Even though methanogens were the most abundant microorganisms, no methane production was detected. In addition to inhibition due to the sulfate reduction process, the absence of methane could be hypothesized to occur in the following two possible scenarios: (1) biological oxidation of methane or methanotrophy, that could occur by a combination of biotic and abiotic factors. Methanotrophy is driven by bacteria affiliated with Gamma-proteobacteria and Alpha-proteobacteria classes and anaerobic methanotrophic archaea (ANME) [76]. (2) reverse methanogenesis—this chemical mechanism occurs when SRBs consume hydrogen entirely, then methane concentration increases and the reverse reaction is thermodynamically possible [76,77]. In addition, due to the versatile and complex metabolisms of members of Methanosarcina, literature studies report that they are capable of growing and competing under anaerobic conditions without producing methane [78]. Finally, methane analysis is susceptible to being optimized throughout the employment of gas chromatography for detection and quantification [79].
In the current investigation, all non-syntrophic SRB populations increased during bioreactor operation and were affiliated to the Deltaproteobacteria class. While those which decreased (i.e., Desulfuromonadales, Desulfotomaculum and Desulfobacca), were affiliated to the Deltaproteobacteria and Clostridia classes [5]. The class Deltaproteobacteria is recognized to be a monophyletic bacteria group which are Gram-negative staining, mesophilic, sulfur and sulfate reducing, and able to reduce elemental metals [80]. On the other hand, in the phylum Firmicutes, Clostridia is a polyphyletic class that groups mainly Gram-positive bacteria and includes species of the Desulfotomaculum genus [5,81]. According to the results, the metal concentrations tested in the current study did not cause upset by changes in function and structure of enzymes that intervene in the sulfate reducing process [30]. This is due to the presence of metals that could generate endogenous dynamics in the composition of SBRs and select resistant populations. Mendez-Garcia et al. [25] reported that the presence of these microorganisms at acid mine drainage habitats is restricted to Deltaproteobacteria and Firmicutes members.

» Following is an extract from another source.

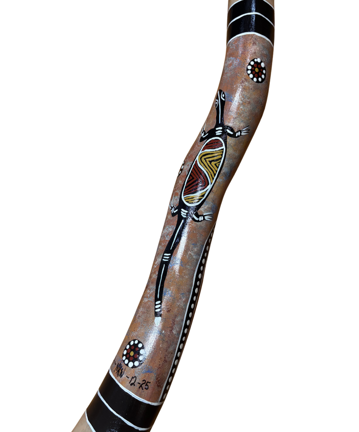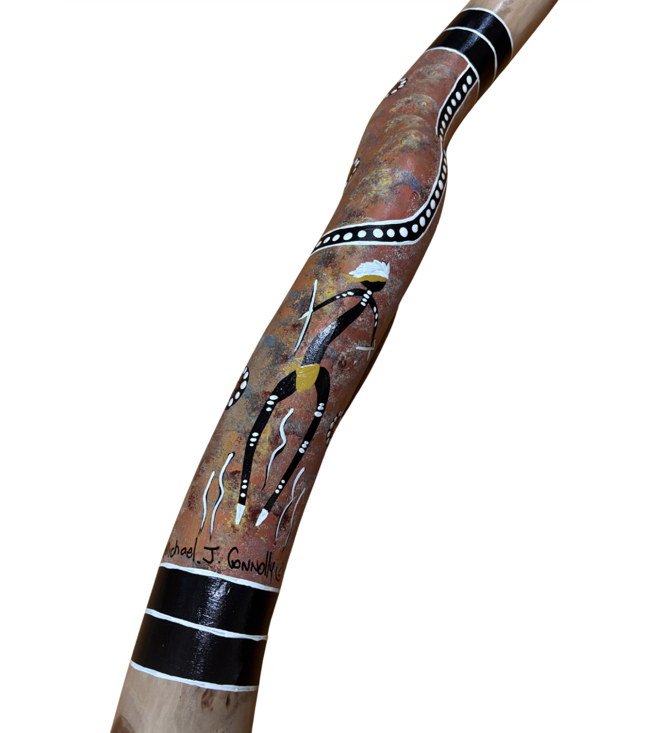 Handcrafted and handpainted by Michael J Connolly using natural termite hollowed eucalyptus timber

A deeper biological knowledge of microbial resistance strategies to heavy metals requires an evolutionary genetics, proteomics and metabolomics approach [82,83].
Species of Geobacter and Syntrophobacter are acetate-oxidizing bacteria, and capable of metal reduction and sulfate reduction [25,46]. Both are affiliated with the Deltaproteobacteria class and became markedly more abundant during operation of the SR bioreactor [5,81]. A potential syntrophic partnership between bacteria, including Geobacter and Syntrophobacter, and hydrogenotrophic methanogens has been reported when acetoclastic methanogens, such as Metanosarcina spp., become more abundant in a sulfidogenic dominant environment [15,16,84].
As expected, the consensus tree provides a robust phylogenetic framework for the current study. At class level, we obtained clusters following the taxonomy, traits, and dynamics of microorganisms during the bioreactor operation [29,85].
Further studies are needed to determine how some factors, such as utilization of sustainable sources of electron donors (e.g., lignocellulosic or non-lignocellulosic materials) may play a significant role in microbiological interactions during sulfate reducing processes. In addition, it is relevant to study other microbial populations with syntrophic and fermentative lifestyles, and their metabolic networks.

5. Conclusions

This study confirmed that the treatment system, integrating a limestone pre-column and an SR bioreactor, is a successful technology for the removal of Cu(II) and Zn(II) from synthetic ARD using acetate as an organic carbon source and sulfate. Both metals were removed in the limestone pre-column and in the sulfate-reducing bioreactor.
The microbial community was comprised of archaeal and bacterial populations. However, sulfidogenesis was the dominant process and methanogenesis was not observed. An analysis of microbial diversity demonstrated changes throughout stabilization of the sulfate-reducing process and before the addition of metals. Gradually, the microbial community in the bioreactor became less diverse and interactions resulted in syntrophic associations. Thereby, the bioprecipitation process was not affected.
These findings provide new insights for understanding the metabolism and the functionality of microbial populations involved in sulfate reducing processes.

Author Contributions

Conceptualization, V.O.-H.; methodology, V.O.-H., R.S.-A., A.L.-R. and G.T.; software, A.Z.-R., D.X.R.-V. and P.C.; validation, V.O.-H. and A.Z.-R.; formal analysis, V.O.-H., R.S.-A., A.L.-R. and G.T.; investigation, V.O.-H. and A.Z.-R.; resources, V.O.-H.; data curation, V.O.-H., R.S.-A., G.T. and. P.C.; writing—original draft preparation, A.Z.-R.; writing—review and editing, V.O.-H., R.S.-A., A.L.-R., G.T., D.X.R.-V. and P.C.; visualization, D.X.R.-V. and A.Z.-R.; supervision, V.O.-H.; project administration, V.O.-H.; funding acquisition, V.O.-H. All authors have read and agreed to the published version of the manuscript.

Funding

This research was funded by Universidad San Francisco de Quito’s Chancellor Grant 2016 and MiniGrant 2017 of the Institute of Microbiology.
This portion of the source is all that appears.